Strategy is what connects our aspirations with our actions and our intended outcomes. In this issue, we look at how to create strategy by design.
We begin this Fall into Strategy Series with a look at strategy itself. We’re going to define it, advocate for a particular approach to create it by design, and illustrate how to might put this into practice.
Where Strategy?
We often think of strategy as something that is done in boardrooms or retreats, but it’s really something that happens in the hallways, Zoom calls, clinics and staff rooms.

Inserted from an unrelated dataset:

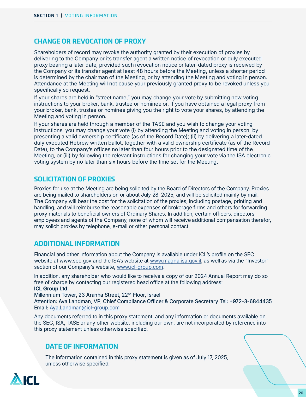 SE C TI O N1 | VO T I N G I N F O R M ATI O N更改或撤销代理,记录在案的股东可以通过向公司或其转让代理人交付书面撤销通知或妥为签立并注明日期的代理撤销其执行代理所授予的权限,但公司或其转让代理人至少在会议召开前48小时收到该撤销通知或较迟签立的代理的,除非会议主席确定更短的期限,或亲自出席会议并投票表决。出席会议不会导致您先前授予的代理被撤销,除非您特别要求。如果你的股份以“街道名称”持有,你可以通过向你的经纪人、银行、受托人或代名人提交新的投票指示来改变你的投票,或者,如果你已经从你的经纪人、银行、受托人或代名人那里获得了给予你对你的股份投票权的法定代理人,你可以通过亲自出席会议和投票来改变你的投票。如果你的股份是通过TASE的成员持有,而你希望改变你的投票指示,你可以(i)通过亲自出席会议并投票,通过出示有效的所有权证书(截至记录日期);(ii)通过不迟于会议指定时间的四小时前向公司办公室交付较晚日期的正式签署的希伯来文书面投票,连同有效的所有权证书(截至记录日期),改变你的投票,或(iii)在不迟于为会议设定的时间前六小时,按照有关指示通过ISA电子投票系统更改投票。公司董事会正在征集在会议上使用的代理代理人。代理将于2025年7月28日或前后邮寄给股东,并将主要通过邮寄方式征集。公司将承担征集代理的费用,包括邮资、印刷和处理,并将补偿券商和其他机构向普通股受益所有人转发代理材料的合理费用。此外,公司的某些高级职员、董事、雇员和代理人,他们都不会因此获得额外补偿,可以通过电话、电子邮件或其他个人联系方式征集代理人。有关公司的更多信息财务和其他信息,请访问SEC网站www.sec.gov和ISA网站www.magna.isa.gov.il上的ICL简介,以及通过我们公司网站www.icl-group.com的“投资者”部分。此外,任何希望获得我们2024年年度报告副本的股东可通过以下地址联系我们的注册总部免费获得:ICL Group Ltd. Millennium Tower,23 Aranha Street,22 Floor,Israel收件人:Aya Landman,副总裁、首席合规官兼公司秘书电话:+ 972-3-6844435电子邮件:Aya.Landman@icl-group.com本代理声明中提及的任何文件,以及SEC、ISA、TASE或任何其他网站(包括我们自己的网站)上提供的任何信息或文件,除非另有说明,否则不会通过引用方式并入本代理声明。信息发布日期本代理声明中包含的信息截至2025年7月17日,除非另有说明。20

Strategy takes place anywhere and at any time a decision is made that aligns activities with our aspirations. That’s strategy in practice. Don’t let the corporate consultant-speak drown out the important conversations to be had about strategy. Strategy is what connects your ideas and intentions to your actions and allocations. It’s about what you want for your organization, what kind of impact you want, and developing a plan to make it real.
That’s why it’s worth the time, care and attention.

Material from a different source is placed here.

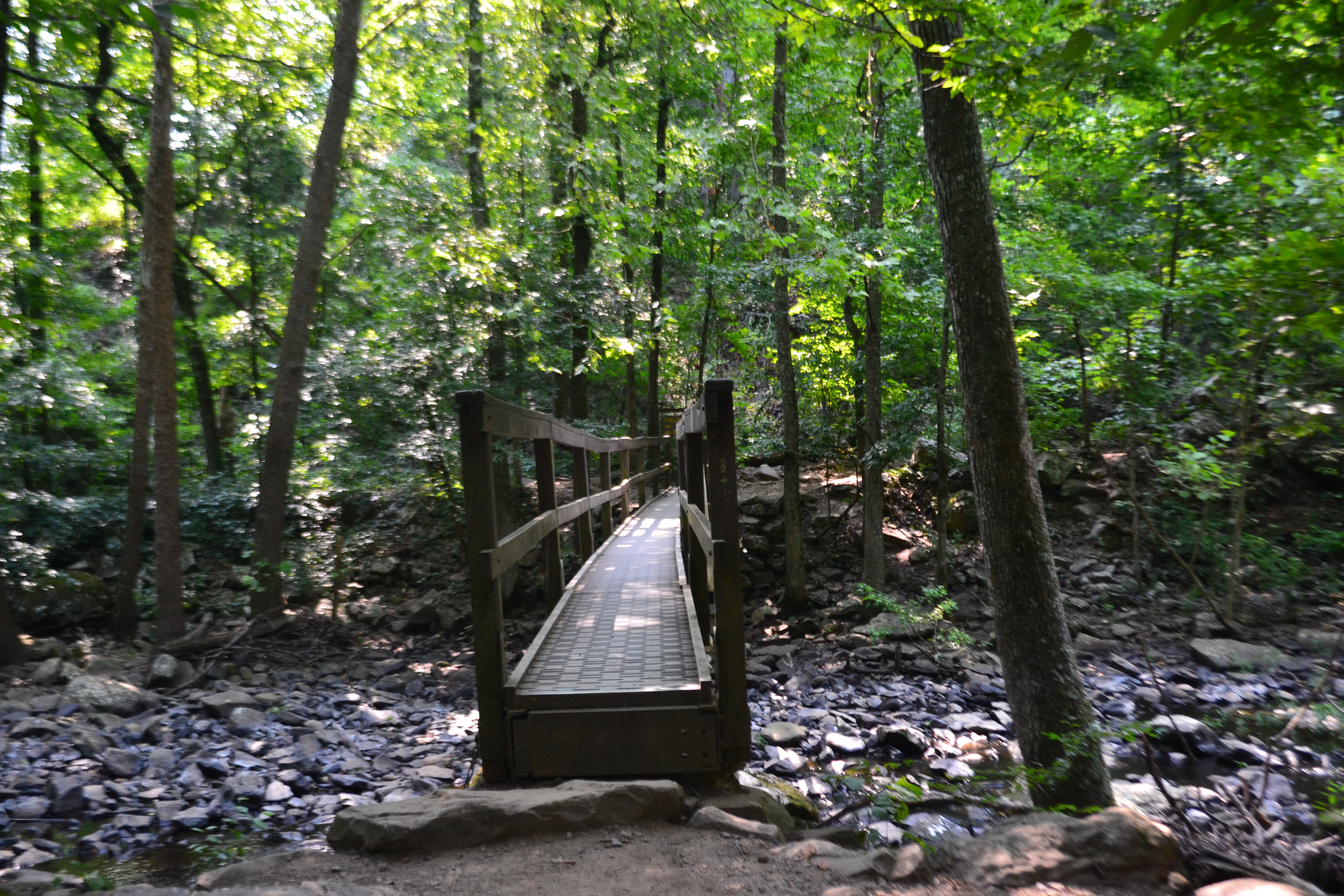 I decided to do the 2-mile Cedar Falls trail to the base of the waterfall. It consisted of about four steep switchbacks. In some places, steps had been carved out of the rock formations. I asked a man how much farther. He said it flattens out in about 20 minutes. I kept going. At the bottom, it turned sandy and led me to a bridge.

Strategic Design: A Term For Making Strategy

Strategic design involves shaping a strategy to be practiced so that it generates impact. It doesn’t deliver the strategy, rather it sets it up to be enacted. The effectiveness of your strategy will rise and fall with the quality of your design. Do a poor job of designing for what you want, need, have, and are required to do, you’ll get a poor outcome.
Strategic design is not just about planning, it’s about practicing. What separates it from traditional planning is that it’s practice-oriented; it connects the plan with its implementation and evaluation. In other words: you’re not just left with a plan, but a pathway to follow it and know when you’ve got to your destination.
Strategic design involves taking us through a series of deltas — change spaces where we open ourselves up to ideas and then transform them into actions. These connected deltas are embedded within a larger one, the systemic context. Collectively, these are shaped into plans, learning, and actions that lead to impact.
So what does this look like in practice? We start off with asking questions.
Inquiry
At its core, inquiry is about asking questions about what we see, sense, and experience. Its practice can take the form of a structured research plan, but it can also come in the form of the questions we ask in everyday life. Why doesn’t that work? Isn’t there a better way to do this? What would happen if we did this differently?
Questions might come from the boardroom, the waiting room, the clinic, or the community. Probably all of them.
Questions are also what we use to guide our strategy making, vision setting, and evaluation. For starters, I like to recommend asking: “how might we” as a way to encourage new thinking about our existing situation.
Vision

Vision setting is the process of defining a compelling, aspirational picture of what an organization aims to become or achieve in the future. It answers the question: “What do we want to be?” and provides direction and inspiration for long-term strategy and decision-making.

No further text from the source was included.